■ TASK DESCRIPTION
When copying the data below, keep only the lines from the one with "5. Emplatamos, rociamos" through the one with "A recepção ao", word for word, and skip the pictures.

Dataset excerpts
=======

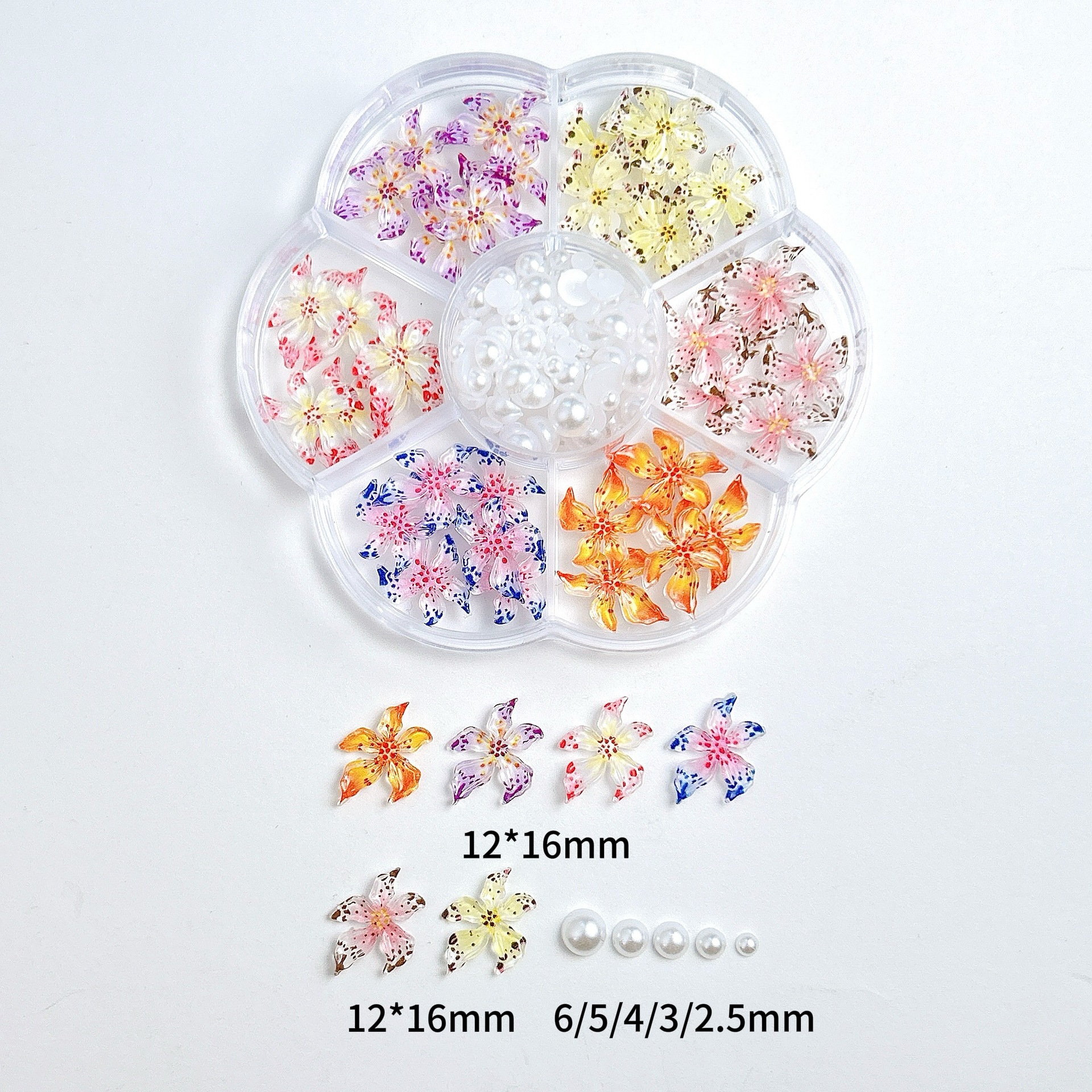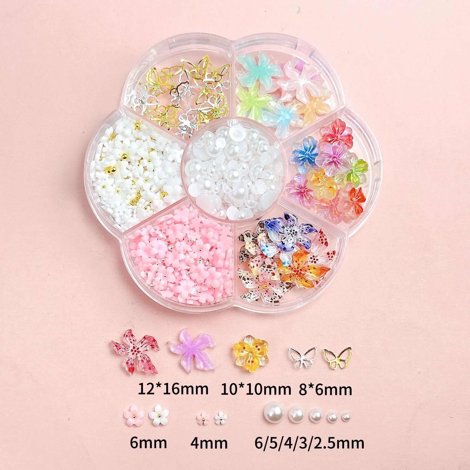 7-compartment plum blossom box nail art accessory set, resin butterfly, bee, Daisy, flower, semi-circular pearl diy material set
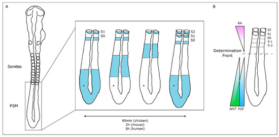The wavefront proposed in the Clock and Wavefront model [35] plays an important role in the correct positioning of each new somite boundary in the anterior-end of the PSM [38]. An anterior retinoic acid (RA) signaling gradient opposes posterior-derived Fgf and Wnt gradients, establishing the so-called determination front, where PSM cells become irreversibly committed to form a somite within the next 3–4 molecular clock oscillations [38,39,40]. Posterior-to-anterior gradients of Wnt and Fgf signaling activity maintain cells in an undifferentiated state in the posterior PSM. Overexpressing Fgf8 at the level of the determination front leads to the formation of smaller somites, while if Fgf signaling is inhibited, larger somites are formed [38]. Moreover, both Fgf and Wnt signaling are crucial for embryo elongation, thus coupling the process of somitogenesis with anterior-to-posterior elongation [41,42].
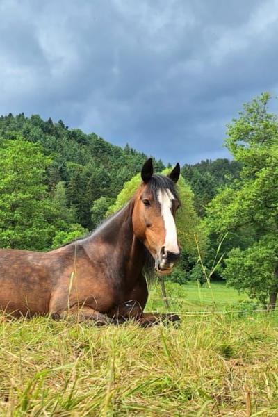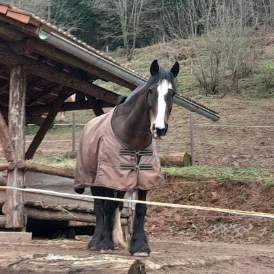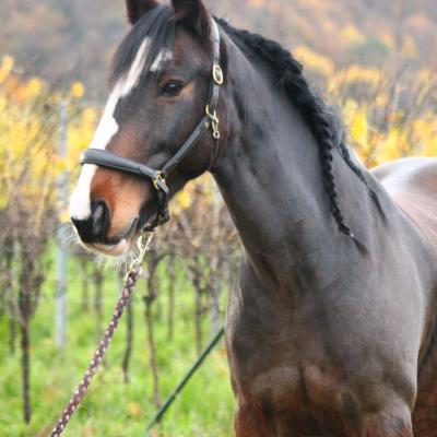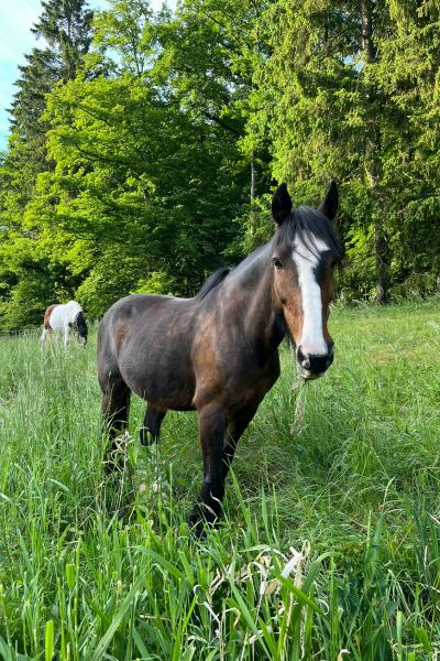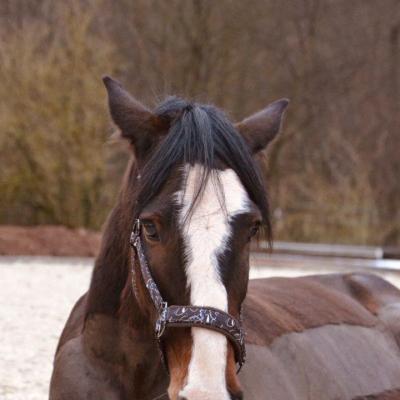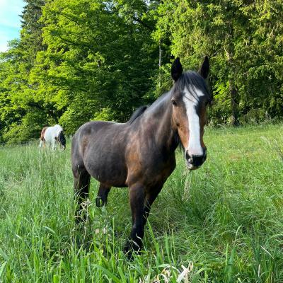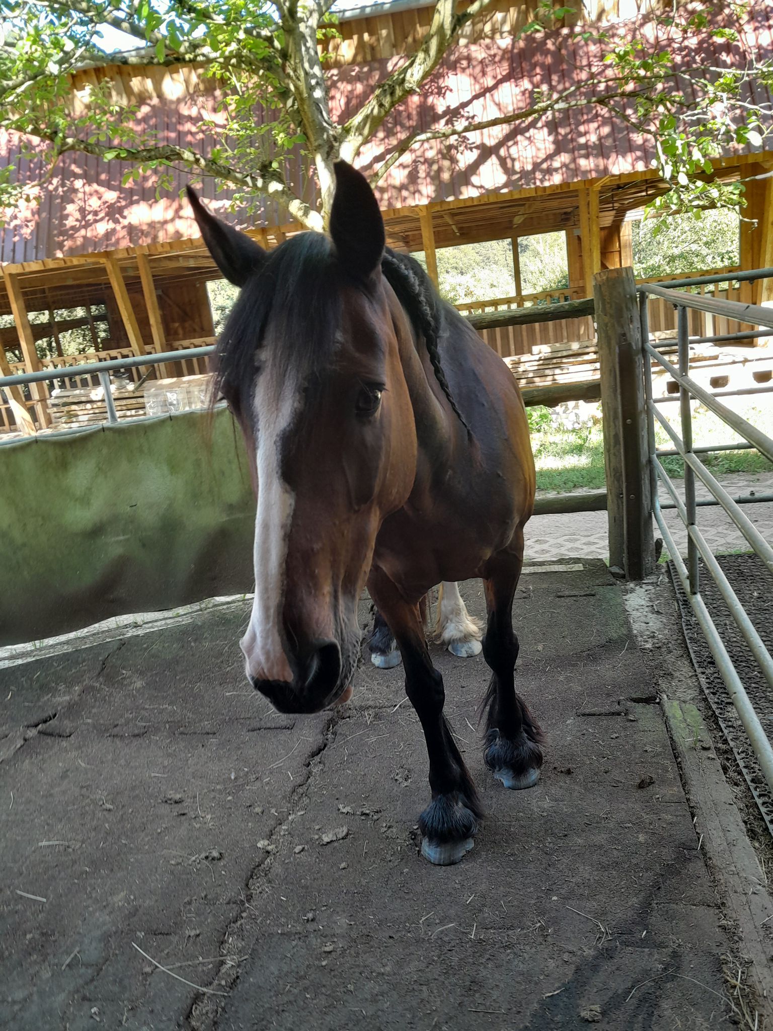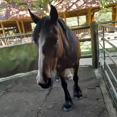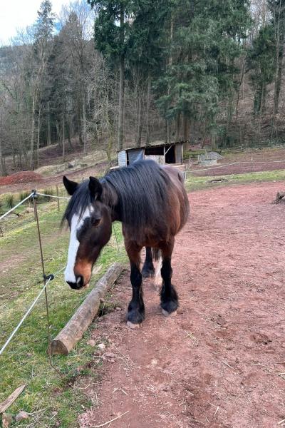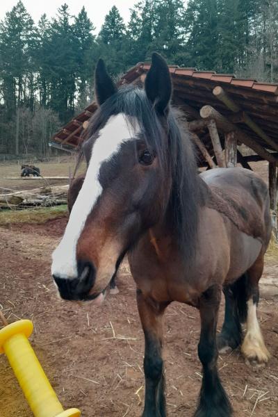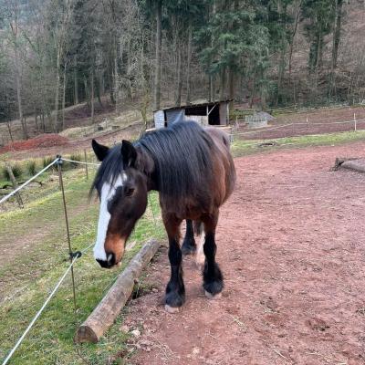 Das ist Brandy. Er ist ein Tinker-Mix, 15 Jahre alt, hat ein braunes Fell und ist ein Wallach.
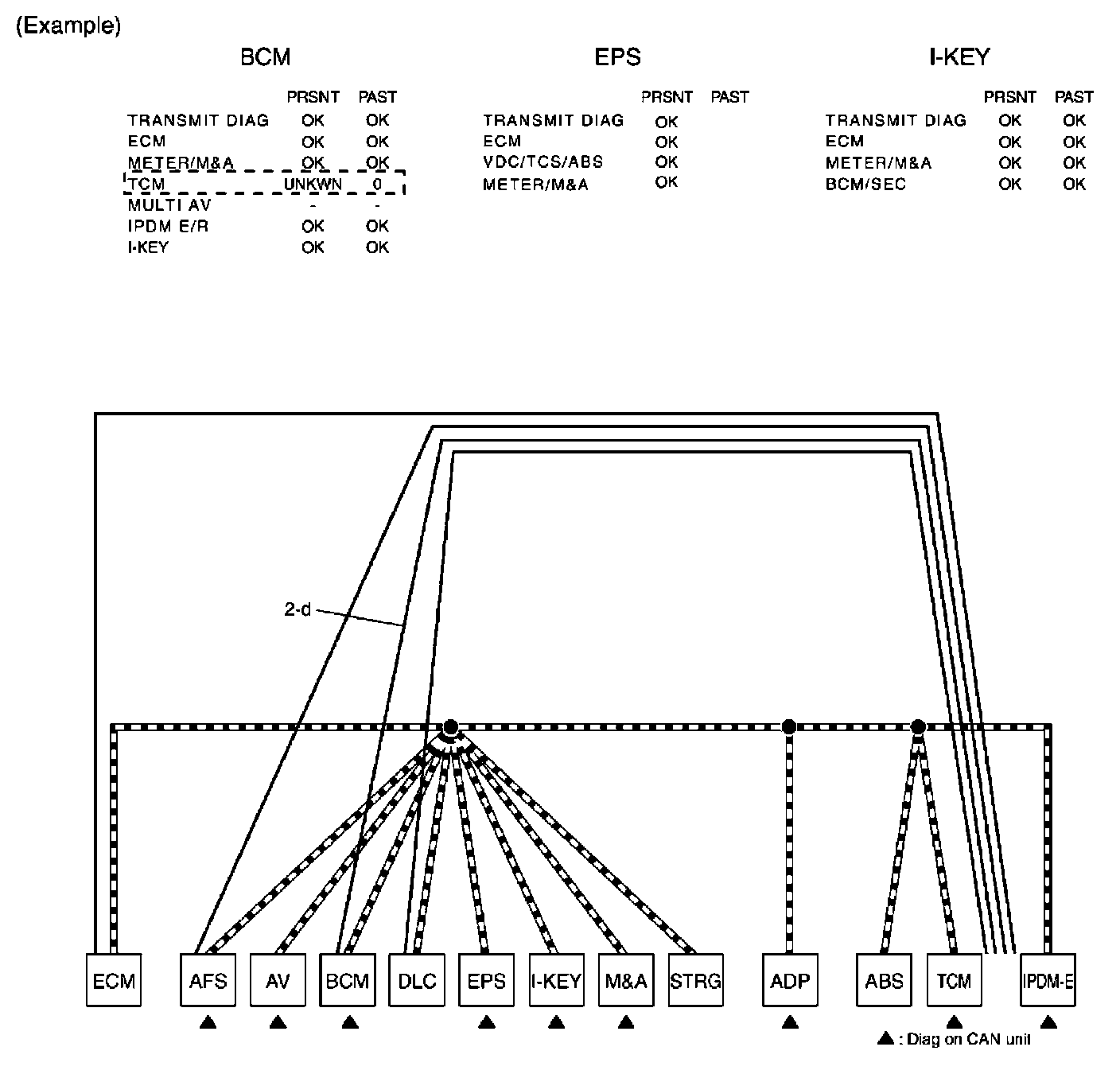 d. Reception item of "BCM": On "TCM", "UNKWN" is indicated. This means BCM cannot receive the signal from TCM. Draw a line to indicate an error between BCM and TCM (line 2-d in the figure below).
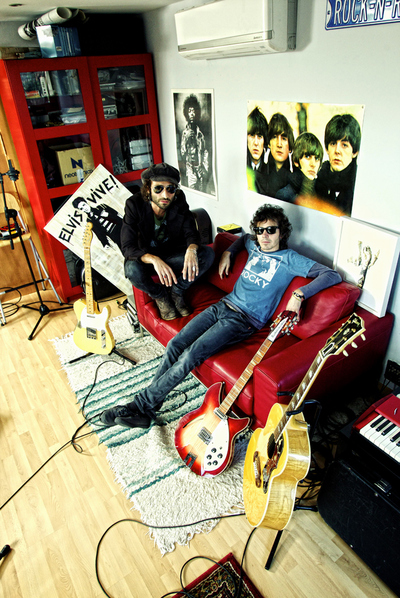 Paredes blancas, solo manchadas por pósteres de los Beatles o Elvis. Instrumentos musicales: pianos, guitarras acústicas, eléctricas, panderetas -"nada hay tan imprescindible en un estudio de grabación como una pandereta"-, bottle necks, púas amarillas por el suelo... La lógica y clásica imaginería que circunda a una banda de rock en el sitio donde brotan sus riffs: "El disco Aviones lo hicimos aquí, sin toda la movida que hay en el centro. Trajimos las guitarras y a nuestro técnico Carlos; compramos al principio unas alfombras y un piano y, poco a poco, hemos ido sumando equipo. Tenemos nuestro propio estudio". El horario, dice Rubén, es el laboral de toda la vida: "Somos diurnos. Solemos quedar por la mañana y, en cuanto va oscureciendo, paramos para bajar a tomar unos quintos". Aunque Leiva aprecia como momento favorito "esa hora de la melancolía: no es del todo de noche, pero tampoco es de día". Para lo suyo, hacer canciones, afirma: "Solo nos hace falta tiempo. Rubén suele traerse su guitarra española que costó 11 euros y con eso nos basta. Con tener una idea es suficiente para hacer una canción".
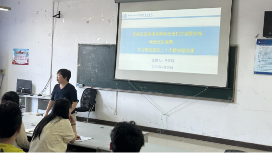 为深入开展学习贯彻习近平新时代中国特色社会主义思想主题教育,落实党的二十大实施就业优先战略、强化就业优先政策,提高全体党员的党性修养,6月25日,304am永利集团官网党委副书记王育晓为学院学生党员讲授题为“坚持在发展中保障和改善民生就要实施就业优先战略——学习贯彻党的二十大精神”的专题党课。学院70余名学生党员参加。
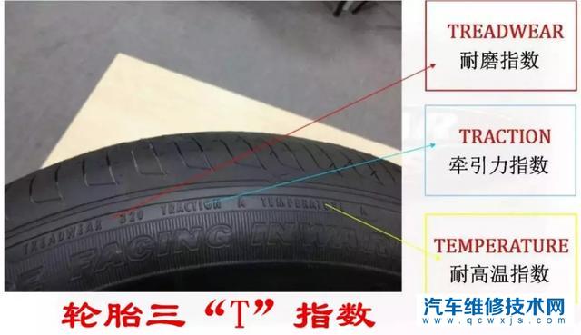 3、三“T”指數:所謂的三“T”指數是指輪胎的輪胎的耐磨指數、濕地牽引力指數以及溫度指數,由于它們的英文首字母都是T,故稱為“三T”。耐磨指數(Treadwear)表示的是輪胎的耐磨程度,以數字來表示,數字的高低代表了輪胎在相同使用環境下可行駛里程的多少,數字越大,表示該款輪胎越耐磨;濕地牽引力指數(Traction)可以理解為輪胎抓地力的水平,一般用AA、A、B、C表示,AA代表優秀,C最差;溫度指數(Temperature)表示的是輪胎自身散熱能力的優劣,一般溫度指數越高的輪胎,它的高速行駛穩定性越好,也也不容易爆胎。
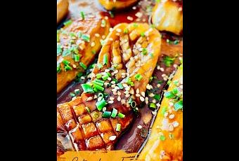 5. Emplatamos, rociamos por encima semillas de sésamo y cebollino. Servimos inmediatamente. Puedes servir con arroz blanco cocido y comer tal cual o usarlas como acompañamiento de algo más.
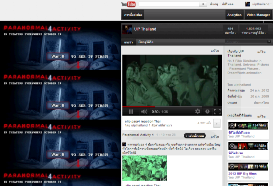 หลังจากความสำเร็จในการเปิดตัวแรงเกินคาดครองแชมป์อันดับหนึ่งที่อเมริกา ภาพยนตร์สยองขวัญแนวเรียลลิตี้ภาคต่อที่ทั่วโลกรู้จักกันดี พารานอร์มอล แอคทิวิตี้ 4 เกาะกระแสเทศกาลฮาโลวีนคืนปล่อยผี จัดเต็ม 13 คลิปสุดหลอนให้แฟนๆได้ดูกันอย่างสะใจ โดยตัดตอนเอาฉากเด็ดๆที่เผยให้เห็นถึงเหตุการณ์ที่น่ากลัว ซึ่งจะมีความเฮี้ยนที่แรงกว่าทุกๆภาคด้วย ชวนแฟนๆคลิกไปชมคลิปสุดสยองของพารานอร์มอล แอคทิวิตี้ 4 ได้ที่ www.youtube.com/uipthailand
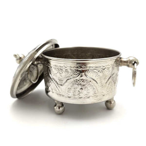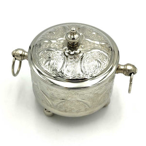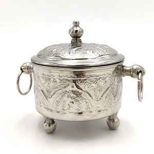 Azucarero Marroquí de alpaca con asas realizado artesanalmente y decorado con motivos árabes, para conjuntar con su juego de té.
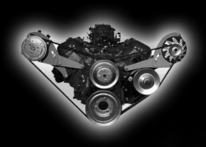Engineered for low hood applications. Works great on any vehicle with a wide engine compartment - Trucks, 50-60's cars, etc. Bolts to the heads and water pump. WILL WORK with  factory power steering pump.
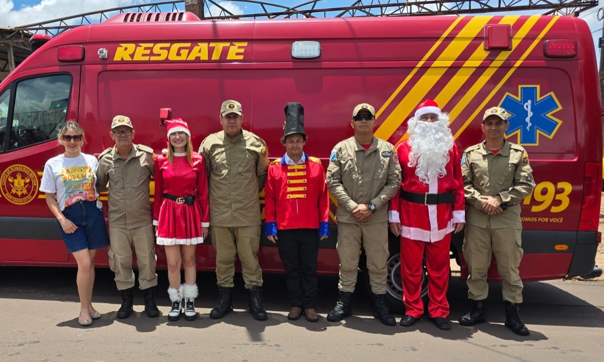 A recepção ao bom velhinho teve início no 10º Grupamento de Bombeiros Militar de Naviraí, onde a visita especial também levou alegria aos profissionais que diariamente arriscam a própria vida para salvar a da população. Após o encontro na corporação, o comboio natalino seguiu escoltado pelos bombeiros pelas principais vias da cidade.
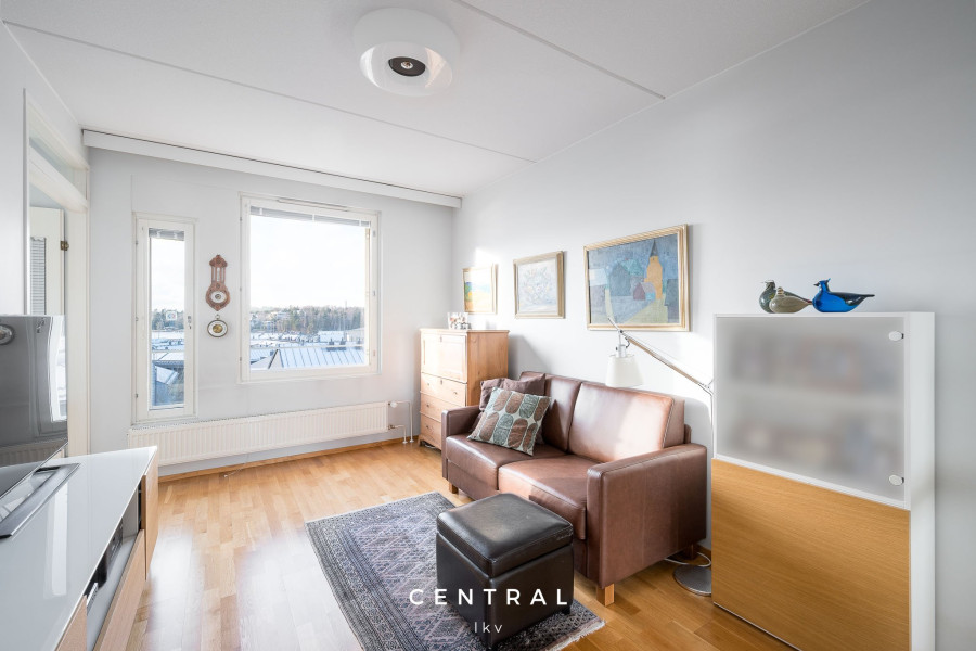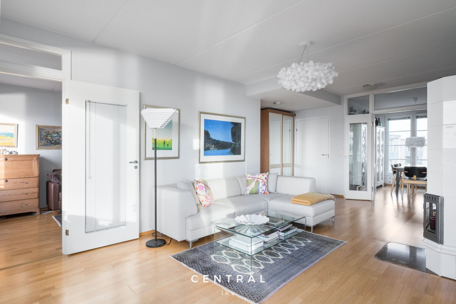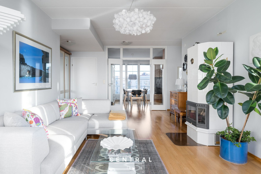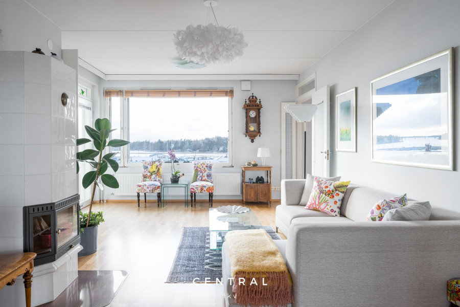 Olohuoneen kuvausKauniissa olohuoneessa toimiva takka ja käynti lasitetulle parvekkeelle. Isoista ikkunoista ja parvekkeelta, avarat näkymät kattojen yli merelle. Huoneistossa kaikkialla parkettilattiat.
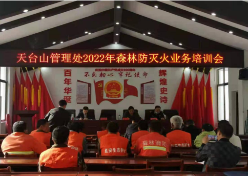 积极开展业务培训。天台山管理处多次组织管理处干部、全体村干部及生态护林员、护林员,半专业扑火队员,铜锣联防队员等人员开展森林防灭火业务培训会,邀请县应急管理局、林业局、七里派出所就森林防火预防和安全扑救作业务培训。
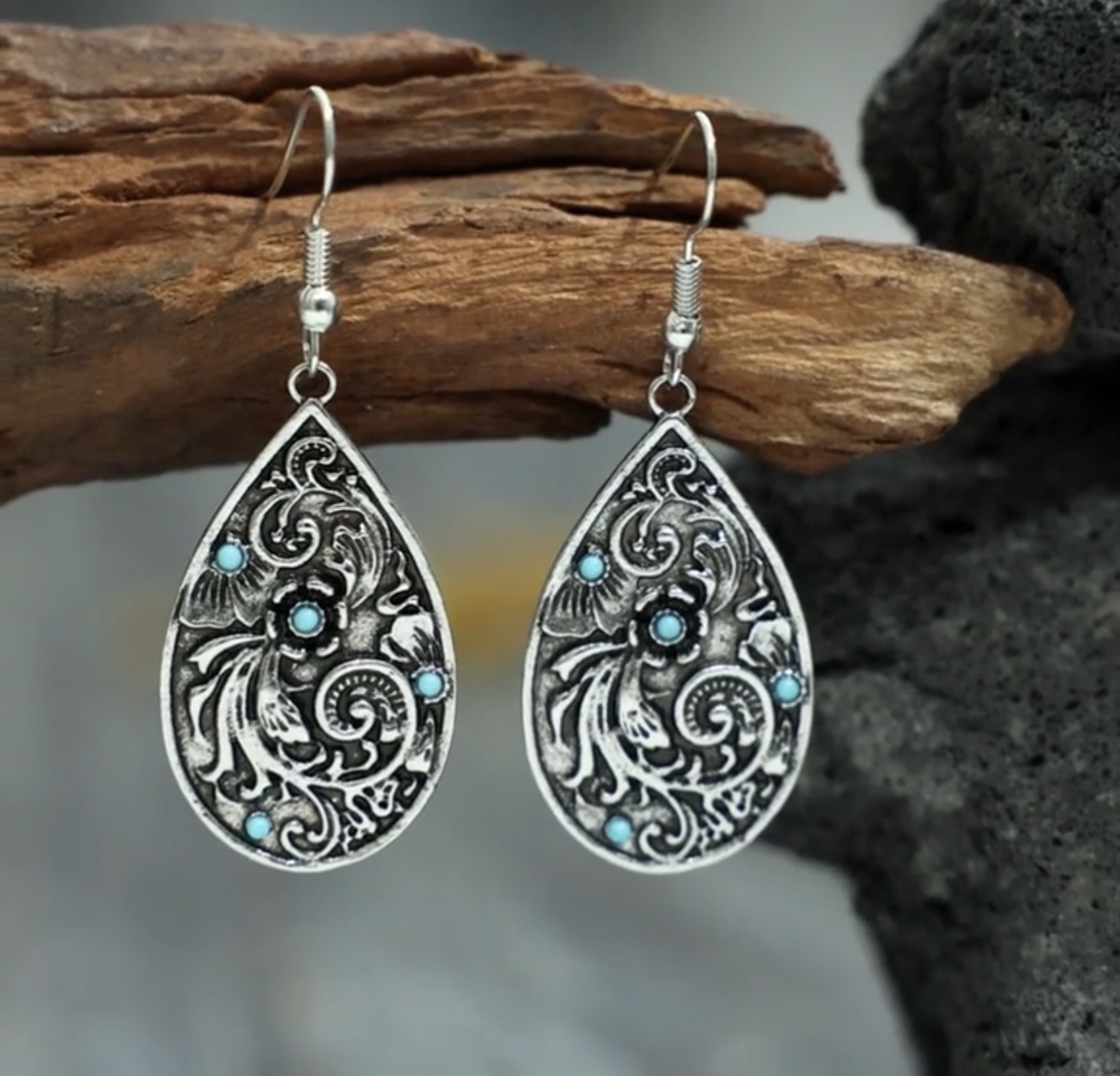 1 Pair Bohemian Western Style Carved Turquoise Inlaid Water Drop Pendant Earrings For Women

=======

■ SOLUTION TO THIS EXERCISE
 5. Emplatamos, rociamos por encima semillas de sésamo y cebollino. Servimos inmediatamente. Puedes servir con arroz blanco cocido y comer tal cual o usarlas como acompañamiento de algo más.
 หลังจากความสำเร็จในการเปิดตัวแรงเกินคาดครองแชมป์อันดับหนึ่งที่อเมริกา ภาพยนตร์สยองขวัญแนวเรียลลิตี้ภาคต่อที่ทั่วโลกรู้จักกันดี พารานอร์มอล แอคทิวิตี้ 4 เกาะกระแสเทศกาลฮาโลวีนคืนปล่อยผี จัดเต็ม 13 คลิปสุดหลอนให้แฟนๆได้ดูกันอย่างสะใจ โดยตัดตอนเอาฉากเด็ดๆที่เผยให้เห็นถึงเหตุการณ์ที่น่ากลัว ซึ่งจะมีความเฮี้ยนที่แรงกว่าทุกๆภาคด้วย ชวนแฟนๆคลิกไปชมคลิปสุดสยองของพารานอร์มอล แอคทิวิตี้ 4 ได้ที่ www.youtube.com/uipthailand
 Azucarero Marroquí de alpaca con asas realizado artesanalmente y decorado con motivos árabes, para conjuntar con su juego de té.
Engineered for low hood applications. Works great on any vehicle with a wide engine compartment - Trucks, 50-60's cars, etc. Bolts to the heads and water pump. WILL WORK with  factory power steering pump.
 A recepção ao bom velhinho teve início no 10º Grupamento de Bombeiros Militar de Naviraí, onde a visita especial também levou alegria aos profissionais que diariamente arriscam a própria vida para salvar a da população. Após o encontro na corporação, o comboio natalino seguiu escoltado pelos bombeiros pelas principais vias da cidade.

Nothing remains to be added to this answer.